EXPERT RESPONSE
You want to allow user VPN tunnels to pass through your WLAN VPN gateway in order to reach their own distant VPN gateway, while still protecting your own WLAN with VPN tunnels.
To support nested tunnels, the outer tunnel must:
- Allow inner tunnel control messages to any destination. PPTP control uses TCP/1723, while IPsec control (IKE) typically uses UDP/500.
- Allow inner tunnel encapsulated data to any destination. PPTP uses GRE (protocol 47), while IPsec typically uses ESP (protocol 50).
Many IPsec products can be configured to do (1), but (2) is a bigger challenge. After consulting with a few colleagues, I have concluded that, while some VPN clients may officially support nested tunnels, most do not. Moreover, nesting is quite unlikely to work in a multi-vendor environment where you have a mixture of Microsoft and third-party clients hitting your WLAN VPN gateway. In other words, even if you can get this to work for one client like SecuRemote, you'll have a hard time getting it to work in general.

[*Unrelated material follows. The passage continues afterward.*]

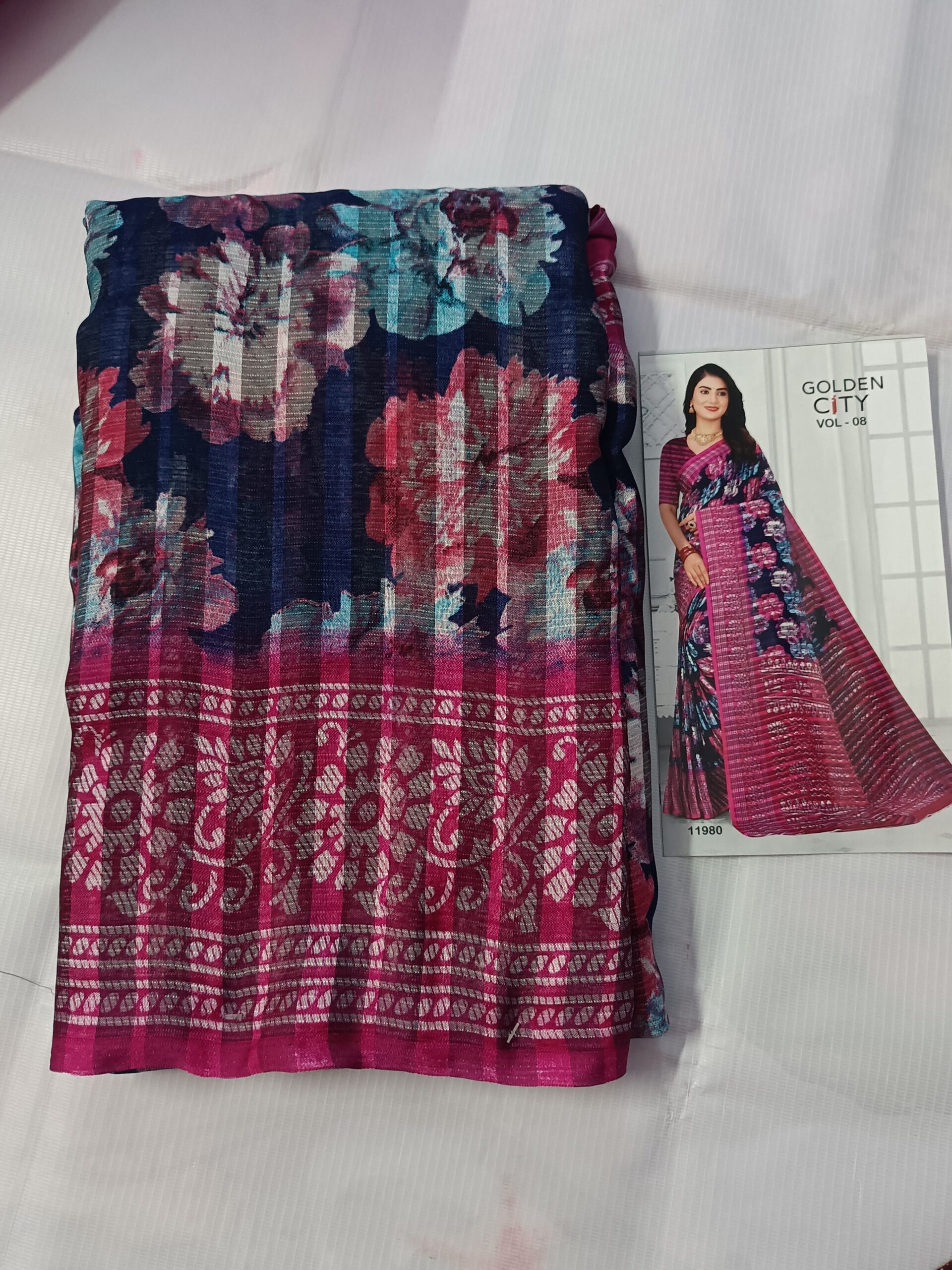 This beautiful dark blue saree features a graceful combination of floral prints and fine vertical stripe texture, giving it a rich and sophisticated look. The body is adorned with artistic rose floral motifs in subtle earthy tones, creating a timeless and elegant appeal.

A better answer may be to support VPN pass-through for stations that need to reach distant VPN gateways. Firewalls and VPN gateways that support "VPN pass through" can permit outbound tunneled traffic to pass through NAT. Local VPN tunnels can still be terminated by your WLAN VPN gateway for your own users. To learn more about VPN pass-through and IPsec NAT traversal, see http://www.ietf.org/internet-drafts/draft-ietf-ipsec-nat-reqts-04.txt. In this configuration, you won't have nested tunnels - you'll have side-by-side tunnels, where each station is permitted to tunnel either to your local WLAN gateway OR to a distant VPN gateway.